Open twrightsman opened 2 years ago
I noticed I was using the CPU version of tensorflow to train, so I switched to the GPU version and am unfortunately getting a similar error:
2022-02-04 05:20:40.388956: W tensorflow/core/framework/op_kernel.cc:1692] OP_REQUIRES failed at segment_reduction_ops_impl.h:425 : Invalid argument: data.shape = [164,1] does not start with segment_ids.shape =
[164,164]
Traceback (most recent call last):
File "basenji/bin/basenji_train.py", line 174, in <module>
main()
File "basenji/bin/basenji_train.py", line 163, in main
seqnn_trainer.fit_keras(seqnn_model)
File "basenji/basenji/trainer.py", line 128, in fit_keras
seqnn_model.model.fit(
File "/home/twrightsman/.conda/envs/basenji/lib/python3.8/site-packages/keras/engine/training.py", line 1184, in fit
tmp_logs = self.train_function(iterator)
File "/home/twrightsman/.conda/envs/basenji/lib/python3.8/site-packages/tensorflow/python/eager/def_function.py", line 885, in __call__
result = self._call(*args, **kwds)
File "/home/twrightsman/.conda/envs/basenji/lib/python3.8/site-packages/tensorflow/python/eager/def_function.py", line 950, in _call
return self._stateless_fn(*args, **kwds)
File "/home/twrightsman/.conda/envs/basenji/lib/python3.8/site-packages/tensorflow/python/eager/function.py", line 3039, in __call__
return graph_function._call_flat(
File "/home/twrightsman/.conda/envs/basenji/lib/python3.8/site-packages/tensorflow/python/eager/function.py", line 1963, in _call_flat
return self._build_call_outputs(self._inference_function.call(
File "/home/twrightsman/.conda/envs/basenji/lib/python3.8/site-packages/tensorflow/python/eager/function.py", line 591, in call
outputs = execute.execute(
File "/home/twrightsman/.conda/envs/basenji/lib/python3.8/site-packages/tensorflow/python/eager/execute.py", line 59, in quick_execute
tensors = pywrap_tfe.TFE_Py_Execute(ctx._handle, device_name, op_name,
tensorflow.python.framework.errors_impl.InvalidArgumentError: data.shape = [164,1] does not start with segment_ids.shape = [164,164]

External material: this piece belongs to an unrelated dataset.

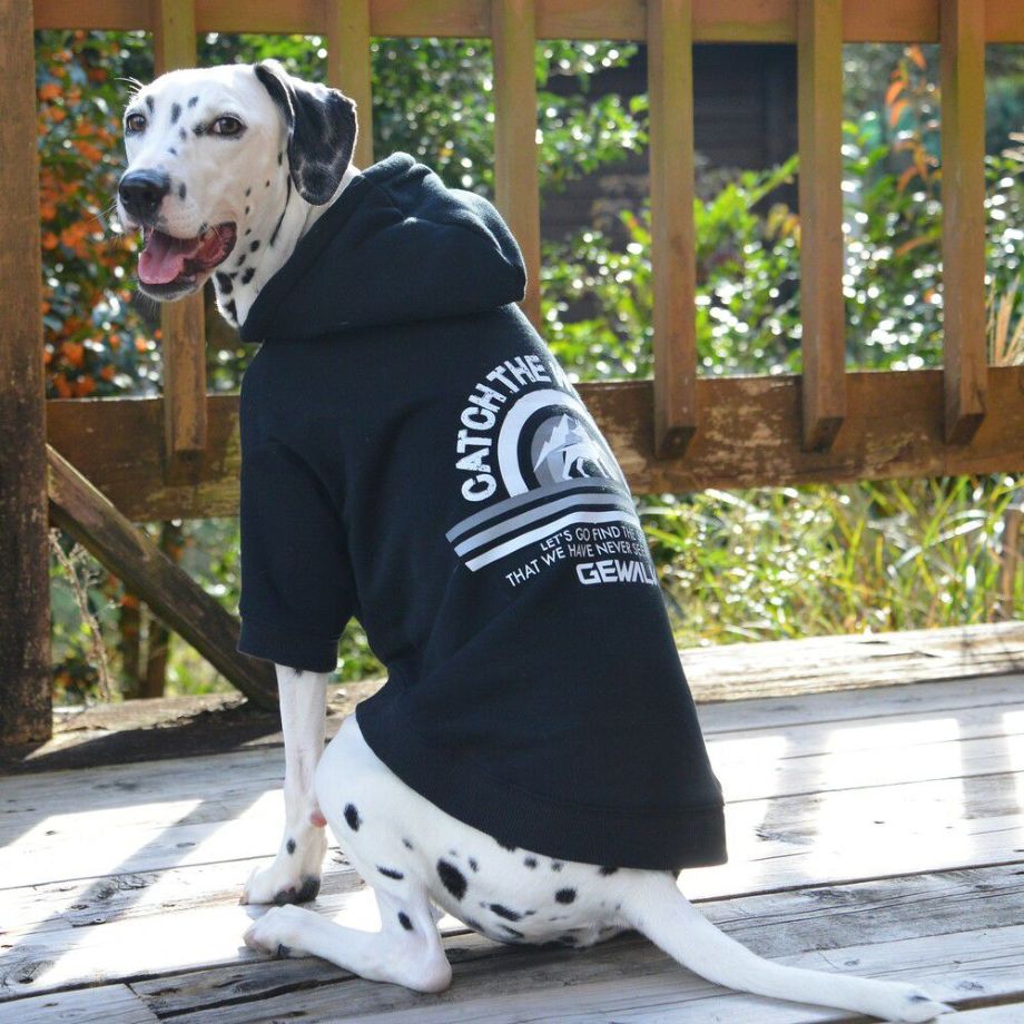 オリジナルグラフィックをレイアウトしたプルオーバーフーディー。
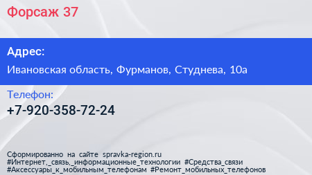 Форсаж 37 по адресу Ивановская область, Фурманов, Студнева, 10а в дальнейшем Организация, размещена в следующих категориях:

[[node loop_body_2/UnsortedSegmentSum/pfor/UnsortedSegmentSum (defined at basenji/basenji/metrics.py:88) ]] [Op:__inference_tr
ain_function_6081]
Function call stack:
train_function
I can stick to training on the CPU version for now, but still thought I'd report this.
Hi, sorry for the delayed response. I'm unable to replicate this error. Are you using the latest code from the master branch? What version of tensorflow? I'm going to regenerate my tfrecords to see if maybe something changed there. It's possible the problem is in the data, rather than model.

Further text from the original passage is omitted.